Vi possono essere pochi dubbi sulla “scelta occidentale” comune alle due posizioni, che vanno quindi a pre-comporre una sorta di “ticket” come cardine per la nuova governance Ue. Con una forte connotazione “istituzionale”: andando quindi a prefigurare la proposta al nuovo euro-parlamento di una “grande coalizione” composta da tutte le forze disponibili ad appoggiare “Mario & Ursula” su un programma “di salute europea”.

Nel merito, è già possibile individuare alcune macro-opzioni (ne ha in parte accennato Francesco Giavazzi sul Corriere della Sera di ieri).

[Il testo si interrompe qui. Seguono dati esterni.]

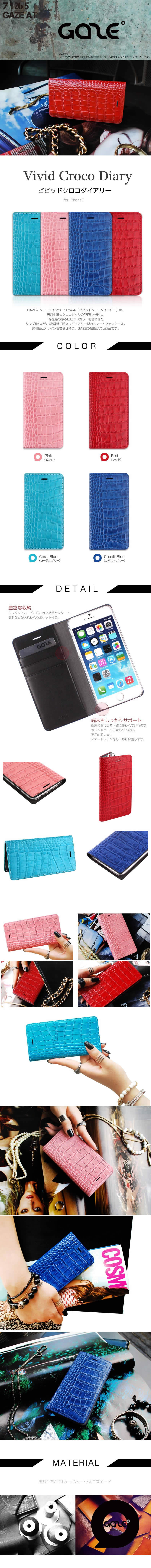 商品名 【iPhone6s / iPhone6 ケース】 GAZE Vivid Croco Diary(ビビッドクロコダイアリー)

Quella principale appare l’uso della spesa militare nel perseguimento di tre obiettivi: quello geopolitico (rinsaldare i legami – non solo militari – fra Usa ed Europa a 80 anni dalla fine della Seconda guerra mondiale); quello economico (rilanciare il drive keynesiano fra Depressione, New Deal e investimenti bellici che ha già funzionato negli Usa negli anni 40 del secolo scorso e nell’Europa del piano Marshall post-bellico); e quello scientifico-tecnologico. Su quest’ultima dinamica la nuova “amministrazione Draghi-Von der Leyen” farebbe leva per recuperare le strategie di transizione eco-energetica e digitale su cui l’Ue aveva già impostato la strategia NextGeneration, poi rifusa nel Recovery Plan, declinato in 27 Pnrr nazionali.



È tuttavia un quadro in cui le politiche di contrasto al cambiamento climatico appaiono in via di impegnativa rimodulazione. Da un lato il rischio climatico è reale e la necessità di cambiare l’economia è condivisa in linea di principio da una parte maggioritaria dell’elettorato continentale. In parallelo, un ridimensionamento troppo drastico delle politiche pubbliche nella transizione ecologica può distruggere il valore delle ingenti risorse private già investite nel green. È pur vero, d’altro canto, che gli ultimi voti nazionali (anzitutto quello olandese) e le forti turbolenze registrate in Francia e Germania, fra “gilet gialli” e marce dei trattori, segnalano un pericolo elevato di contraccolpi politici non marginali, in caso di insistenza su di una transizione verde tecnocratico-ideologica.

A proposito di mercati: in una Ue che difficilmente potrà abbandonare in modo rapido il rigorismo finanziario dei Trattati di Maastricht (appena ripristinato), il finanziamento delle nuove public policies non potrà essere quello classico, incentrato sulla spesa pubblica. Di qui il ritorno forte – stavolta con buone chance di successo – dell’ipotesi di debito comune europeo: non più tabù dopo la svolta del Recovery anti-Covid; ma non ancora realizzato in via strutturale con una larga offerta di euro-bond. Cioè con la riproposta sostanziale di grandi “prestiti di guerra” europei per intercettare risparmi e capitali privati del continente.

Questi ultimi sono però ormai da tempo intermediati dai mercati globalizzati. Non ha quindi sorpreso che l’apertura al riarmo europeo da parte di von der Leyen (ex ministro della Difesa a Berlino) sia giunta attraverso il quotidiano della City, sullo sfondo più ampio e profondo di un quasi irrinunciabile riavvicinamento fra Regno Unito e Ue a otto anni da Brexit, nell’orizzonte di una Grande Nato.

“Bre-verse” è certamente nel programma elettorale dei laburisti inglesi, cui i pronostici assegnano la vittoria elettorale e il ritorno al governo al massimo entro dodici mesi. L’asse “occidentale” fra Usa e Ue (nel contenitore Nato) è d’altronde un punto fermo nel pensiero di Joe Biden: il presidente Usa che al momento resta lo sfidante “dem” di Donald Trump nel voto per la Casa Bianca il prossimo novembre. L’ex presidente repubblicano anche negli ultimi giorni non ha invece mancato di sottolineare il suo approccio neo-isolazionista e di confermare la sua sfiducia nella Nato odierna, che si ritrova a difendere principalmente l’Europa a spese principali dei contribuenti americani.